Allez, je ne résiste pas au plaisir de vous dire deux mots sur les parents du duc d’Antin, notamment son père...
Des débuts heureux
Louis-Henri de Pardaillan de Gondrin, marquis de Montespan et d’Antin, épouse en 1663 la célèbre Françoise-Athénais de Rochechouart de Mortemart... Mme de Montespan !
Il n’a pas un sou, mais ils sont heureux, malgré le sang bouillant du Gascon, joueur de cartes invétéré et duelliste. Deux enfants naissent (dont le duc d’Antin).
Puis, Pardaillan part faire la guerre, laissant Françoise occuper la place de dame d’honneur de la reine.
Les cornes du marquis
À son retour, il trouve son épouse... enceinte. Du roi ! Le marquis tempête dans tout Paris.

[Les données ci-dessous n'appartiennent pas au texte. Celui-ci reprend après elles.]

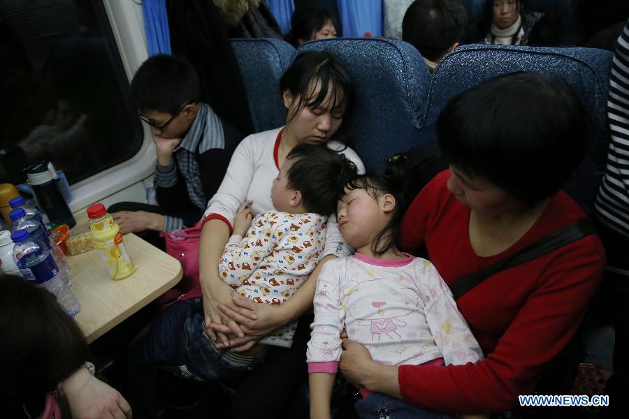 Children have a sleep in parents' arms on train 3663, which runs from east China's Shanghai to Chengdu, capital of southwest China's Sichuan Province, on Sept. 9, 2015. The Spring Festival, or the Chinese lunar New Year which starts from Feb. 19 this year, is known as the world's biggest migration, with millions of people traveling vast distances for family reunions. (Xinhua/Ding Ting) |

Personne ne comprend ! Quel ingrat !
Quand le roi prend votre femme comme maîtresse, vous devriez être flatté, non mais ! Non : lui se contente d’être jaloux !
Il ne supporte pas de partager sa moitié avec « Jupiter. » Il se promenait partout avec un chapeau, où les plumes avaient été remplacées par de hautes cornes. Il fait aussi orner son carrosse de gigantesques cornes de cerfs bien visibles…
Montespan va trop loin
Un jour de septembre 1668, le marquis menace le roi d’attraper la vérole en couchant avec des prostituées, pour ensuite contaminer sa femme, qui contaminera à son tour le roi ! Cerise sur le gâteau : il traite Louis XIV de canaille.
Le cocu est exilé sur ses terres en Gascogne. Il y organise l’enterrement symbolique de Françoise, avec sur sa tombe, une croix portant les dates 1663-1667…
À la fin de sa vie, le marquis, toujours aigri, écrira son testament, où il dit pouvoir révoquer le roi !
Le domaine du duc aujourd'hui
Le domaine de Bellegarde est vendu en 1757, à la mort du dernier duc d’Antin.
Aujourd'hui, les différents pavillons abritent entre autres les services municipaux de la ville.
Sources
- Encyclopédie Châteaux Passion. Éditions Atlas, 2001.
- Sophie Jugie. Le duc d'Antin et l'art : goût sincère, obligation professionnelle ou ostentation sociale ? In Cahiers Saint-Simon (n°37). 2009.
- Joëlle Chevé. Le marquis de Montespan, un cocu magnifique. Historia, historia.fr. Octobre 2014.
- Louis-Antoine de Pardaillan de Gondrin. Encyclopédie Wikipédia, wikipedia.org.
- Collectif. Loiret. Gallimard, 2012.